The manifesto asks us to rethink the Keynesian welfare state while absorbing strategies used by the Black Panthers, Act Up, Green New Deal advocates, and current examples of mutual aid that are operational under Covid. There is much to learn from indigenous struggles against settler colonialism and extractive capitalism. The care manifesto asks us to treat others as kin, with what Derrida refers to as ‘limitless hospitality towards the stranger’. They ask us to fight for our right to the city, an expansion of the commons, re-regulate markets, and build sharing institutions capable of delivering universal community care. The infrastructures proposed must be based around mutual support, public space, shared resources, and local democracy. Strategies here include nationalization, progressive municipalism, localism, and insourcing. The approach is towards building enduring, participatory, outlooks, and caring contexts into structures wherever we can. This may mean a four day work week for care workers. The manifesto advocates the development of new caring imaginaries on a global scale. The goal should be that the legacy of COVID-19 is not intensified neoliberal authoritarianism, but a new political with care at every level.

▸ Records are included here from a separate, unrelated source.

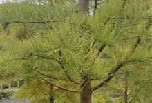 池杉 Croom)是杉科、落羽杉属植物,亦称池柏,沼落羽松。落叶乔木,高可达25米。主干挺直,树冠尖塔形。树干基部膨大,枝条向上形成狭窄的树冠,尖塔形,形状优美;叶钻形在枝上螺旋伸展;球果圆球形。…全部>>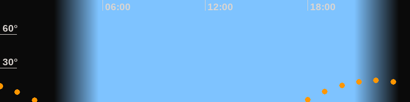 | Aufgang | 17:38 Uhr im Südosten (αAz = 121,9°) |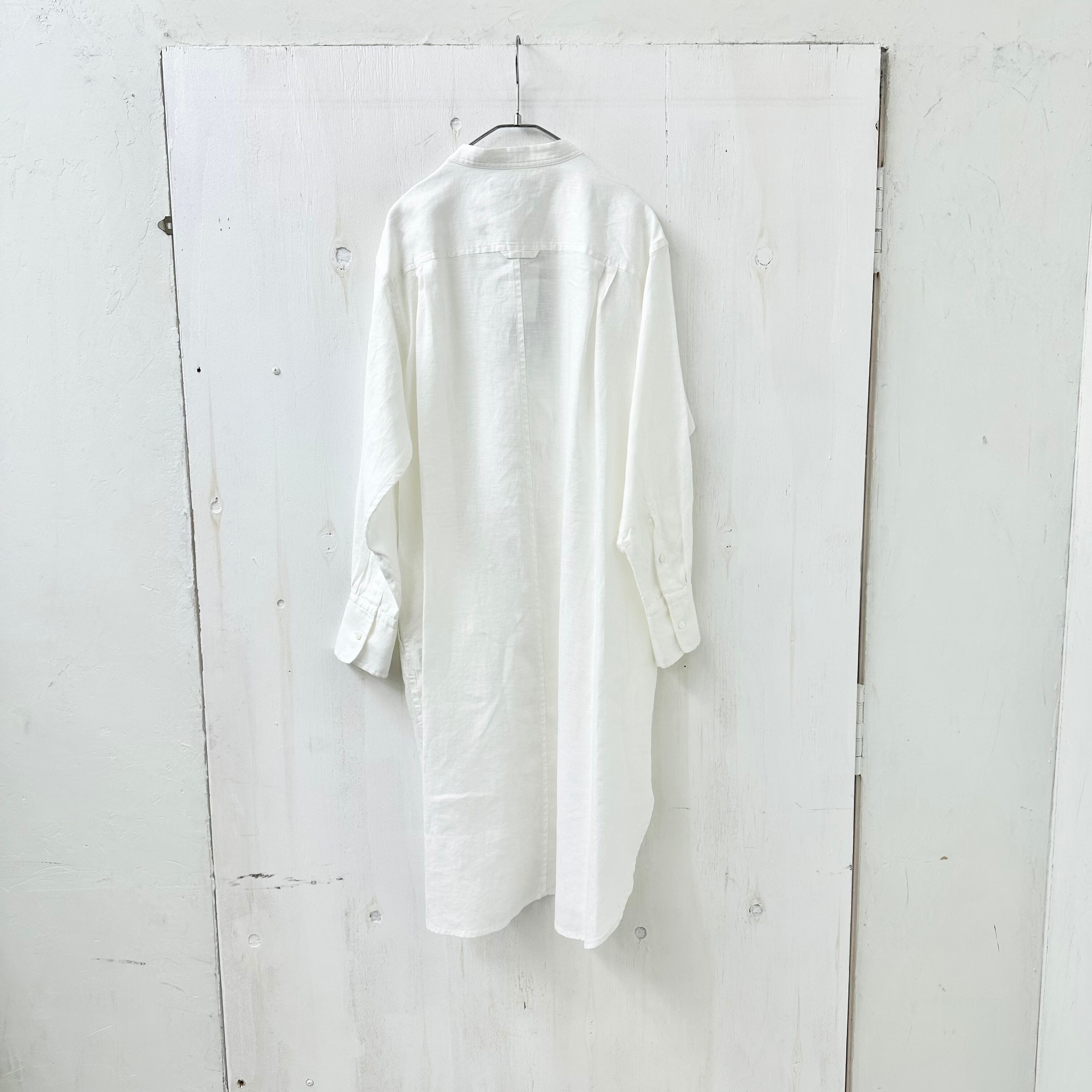 ライト リネン キャンバス バンドカラー シャツ ワンピース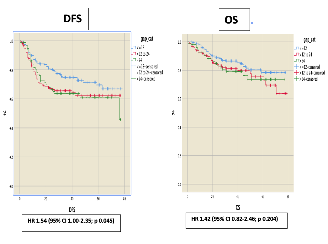 The left side shows the Kaplan Meir curve for DFS, 5 yr DFS in <12 week, 12-24 and > 24 weeks being 70%, 64% and 60%.

Current budgets allocate a massive overfunding of policing and surveillance, as opposed to the social provisions that can open the doors to human flourishing. The collective writes we ‘need urgently to build care infrastructure based upon a recognition of our profound interdependencies and vulnerabilities while putting the necessary material, social, and cultural conditions in place for the material thriving of all.’ For those curious about current movements towards defunding the police, especially the VPD, The collective’s text offers a vision of what an alternate world, centred around care as an organizing principle, might look like.